Estados Unidos investido de policía mundial: ¿por qué no? La situación tras el final de la Guerra Fría demandaba un poder global que viniera a llenar el vacío. El problema no reside ahí: recordemos esa extendida percepción de Estados Unidos como nuevo Imperio Romano. El problema de Estados Unidos hoy no es que funcione como nuevo imperio mundial, sino que no lo es, o sea, que aparentando serlo, sigue actuando como un Estado-nación que no se detiene ante nada en la consecución de sus intereses.

Es como si la línea directriz de la política reciente de Estados Unidos fuera una extraña inversión del conocido lema de los ecologistas: actúa globalmente, piensa localmente.

Después del 11 de septiembre, Estados Unidos tuvo la oportunidad de darse cuenta del mundo del que formaba parte. Podría haber utilizado esa oportunidad, pero no lo hizo. Y en lugar de ello optó más bien por reafirmar sus compromisos ideológicos tradicionales: ¡se acabó la responsabilidad y la mala conciencia con respecto a un Tercer Mundo empobrecido! ¡Ahora las víctimas somos nosotros!

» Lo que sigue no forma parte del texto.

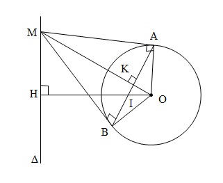 Cho đường tròn $\left( O \right)$ và đường thẳng $\Delta $ không cắt $\left( O \right)$, $M$ là một điểm chạy trên $\Delta $. Qua $M$ kẻ các tiếp tuyến $MA, MB$ tới $\left( O \right)$. Chứng minh rằng $AB$ luôn đi qua một điểm cố định.
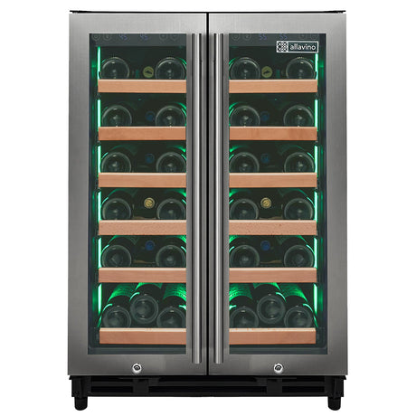 Allavino 24″ Wide FlexCount II Tru‑Vino 36‑Bottle Dual Zone Stainless Steel Wine Refrigerator
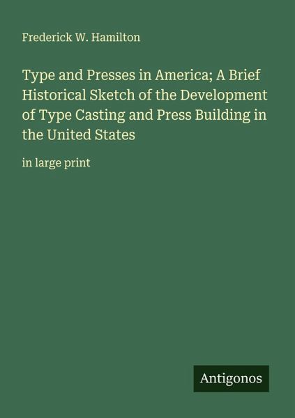 Type and Presses in America; A Brief Historical Sketch of the Development of Type Casting and Press Building in the United States
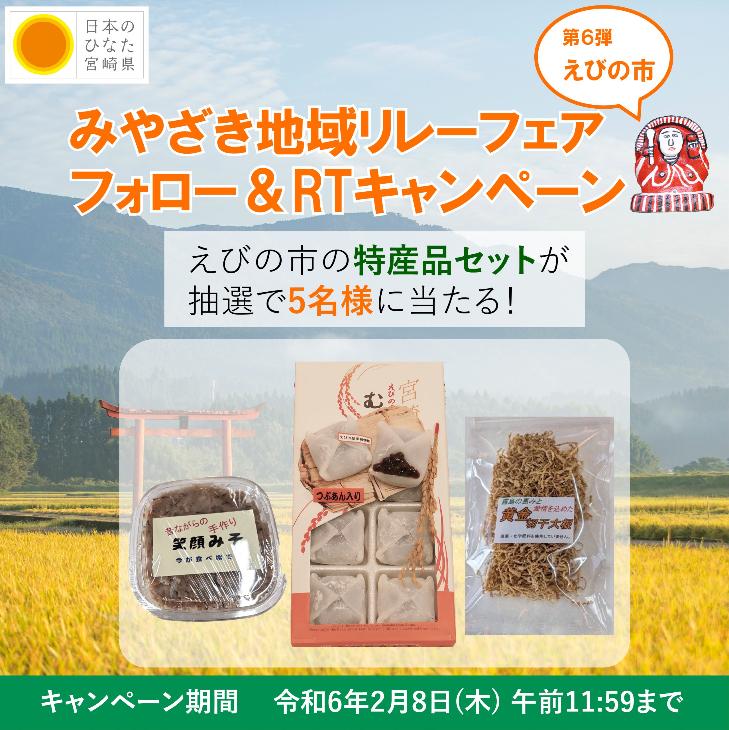 【概要】キャンペーン期間中、「宮崎県東京事務所公式X(Twitter)(@miyazakip_tokyo)」をフォローし、キャンペーンの投稿をリポスト(リツイート)した方から、抽選で5名様にえびの市の特産品セットをプレゼントします。

Hablando del Tribunal de La Haya, Timothy Garton Ash afirmaba en tono patético: “No se debería volver a permitir que ningún Führer ni Duce, ni Pinochet ni Idi Amín ni Pol Pot se sintieran protegidos de la intervención de la justicia del pueblo tras las puertas palaciegas de la soberanía”. Basta con tomar nota de lo que falta en esta lista de nombres, que, aparte de la pareja típica de Hitler y Mussolini, contiene tres dictadores del Tercer Mundo: ¿dónde aparece uno, al menos, de los Siete Grandes? O, para no alejarnos mucho de la lista estándar de “malos”, ¿por qué Ash, Michael Ignatieff y compañía, quienes, por otro lado ensalzan con el mayor de los patetismos la labor del Tribunal de La Haya, guardan silencio con respecto a la idea de entregar a Noriega y a Saddam a ese mismo Tribunal? ¿Por qué Milosevic y no Noriega? ¿Por qué no se juzgó nunca públicamente a Noriega? ¿Fue acaso porque podría revelar su pasado en la CIA, un pasado que incluía que Estados Unidos aprobó su participación en el asesinato de Omar Torrijos Herrera?

De forma semejante, el régimen de Saddam fue un Estado autoritario abominable, culpable de muchos crímenes, la mayoría de ellos perpetrados contra su pueblo. Sin embargo, no deberíamos olvidar el hecho extraño, pero clave, de que cuando los representantes de Estados Unidos y los fiscales iraquíes enumeraban los perversos delitos de Saddam omitieron sistemáticamente lo que sin duda fue su mayor crimen (en términos de sufrimiento humano y de violación de la Justicia internacional): la agresión a Irán. ¿Por qué? Porque Estados Unidos y la mayoría de los Estados extranjeros ayudaron activamente a Irak en esa agresión. Y eso no es todo: Estados Unidos está hoy prolongando por otros medios el mayor crimen de Saddam, su intento de derrocar al gobierno iraní. Una razón más para preguntar: ¿Quién ahorcará a George W. Bush?